I'm at the Mayor Hodges inauguration party arguing with a 20-year-old girl about whether the martini I bought her tastes better than the gin and tonic my friend bought her. I've referred to the martini as an "adult drink," and I think my position has been born out by her intransigence. It tastes like olives. What.

Time for a new dealer. Old dealer tells new dealer, "So this is what's going on at this table," referring to me. I've been drinking to excess and gambling with hundreds of dollars. I recently made a joke about how the dealer and I both share names with Backstreet Boys. I'm banking on nobody knows Backstreet Boys names.

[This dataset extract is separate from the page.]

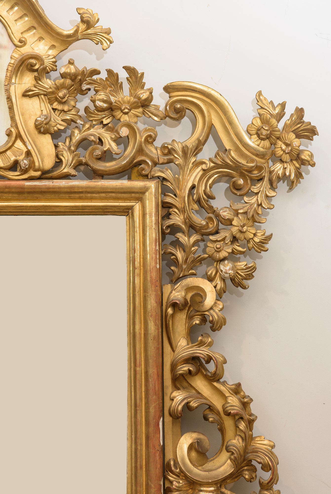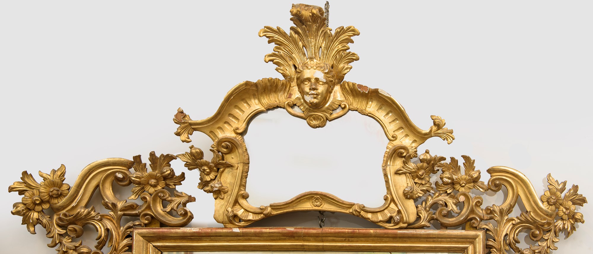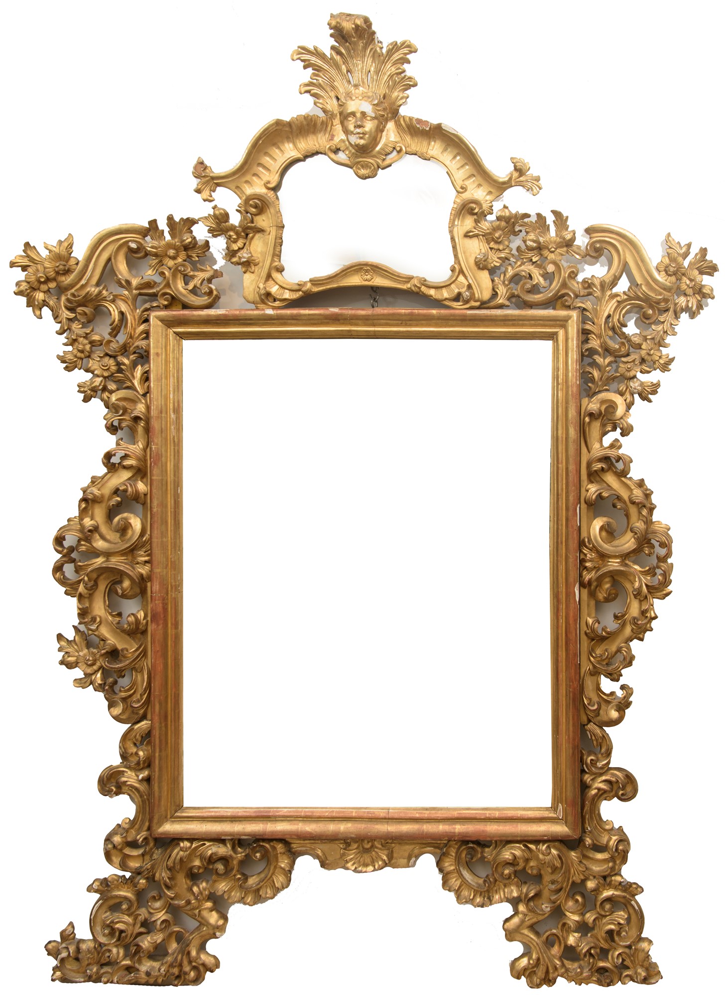 in legno intagliato e dorato, con ampie volute a motivi floreali. Ampia cimasa superiore. Manifattura francese di linea Luigi XIV. Restauri e mancanze

I'm at the C.C. Club shooting pool. I've lost two games in a row but offered myself as a partner to a new shitty pool player both times and am well on my way to losing my third consecutive game of pool. I want to blame my shitty pool player partner, but let's be honest here - I'm fucking blasted.

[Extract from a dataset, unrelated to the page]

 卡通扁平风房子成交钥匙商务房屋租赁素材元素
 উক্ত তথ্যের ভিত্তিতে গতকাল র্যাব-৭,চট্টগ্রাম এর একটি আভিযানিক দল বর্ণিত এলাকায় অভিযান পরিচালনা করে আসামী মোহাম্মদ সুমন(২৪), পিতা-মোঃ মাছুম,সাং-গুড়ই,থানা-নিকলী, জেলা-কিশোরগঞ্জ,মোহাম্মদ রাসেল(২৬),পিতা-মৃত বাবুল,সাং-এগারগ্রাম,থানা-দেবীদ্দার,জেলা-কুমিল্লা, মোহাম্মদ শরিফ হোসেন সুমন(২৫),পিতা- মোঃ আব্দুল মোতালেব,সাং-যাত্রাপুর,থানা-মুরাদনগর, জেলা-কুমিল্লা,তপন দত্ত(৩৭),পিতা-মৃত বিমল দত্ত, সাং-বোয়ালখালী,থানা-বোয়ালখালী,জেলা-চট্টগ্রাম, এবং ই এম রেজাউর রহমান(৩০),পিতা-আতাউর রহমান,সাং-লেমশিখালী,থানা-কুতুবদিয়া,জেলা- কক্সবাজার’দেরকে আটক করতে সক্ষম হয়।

I'm drinking a bloody mary at this coffee shop / fancy restaurant with my lovely ex-girlfriend. Technically I'm not drinking "with" her - I'm drinking and she's eating a breakfast burrito. This bloody mary has some funky element to it that I can't put my finger on. On which I can't put my finger.

I'm taking a pull off a liter of vodka. I'm about to get picked up and driven to a casino, so this is the best idea. Meanwhile the Seahawks and Saints are about to kick off. Before today ends I'm going to join the demographic that gives a shit about this game because they have money on it. I'll win the bet too.

I'm explaining to a so-so-looking older woman who volunteered for the Hodges campaign why she's a good person. I'm floating a theory about how if her kids all live in different states that means they grew into adults capable of planting flags in other states, which means she must have been a pretty good mom, and she obviously gives a shit, so yada yada yada. Later I'll run into her + friends and join their photoshoot by the bathroom.

"That was terrifying." I'm sitting on my kitchen floor trying to patch things up with my roommate about cockblocking him on the cute 20-year-old situation. Except I'm wasted so my apology is coming out more like a McNolty "What the fuck did I do?" I just threw a chair and it made a loud bang. Throughout tonight I've been justifying my excessive behavior on the grounds that Posso would have approved. I guess I'd better go to bed now. I'm no Posso.

Posso, you were a living legend. Now you're just a legend.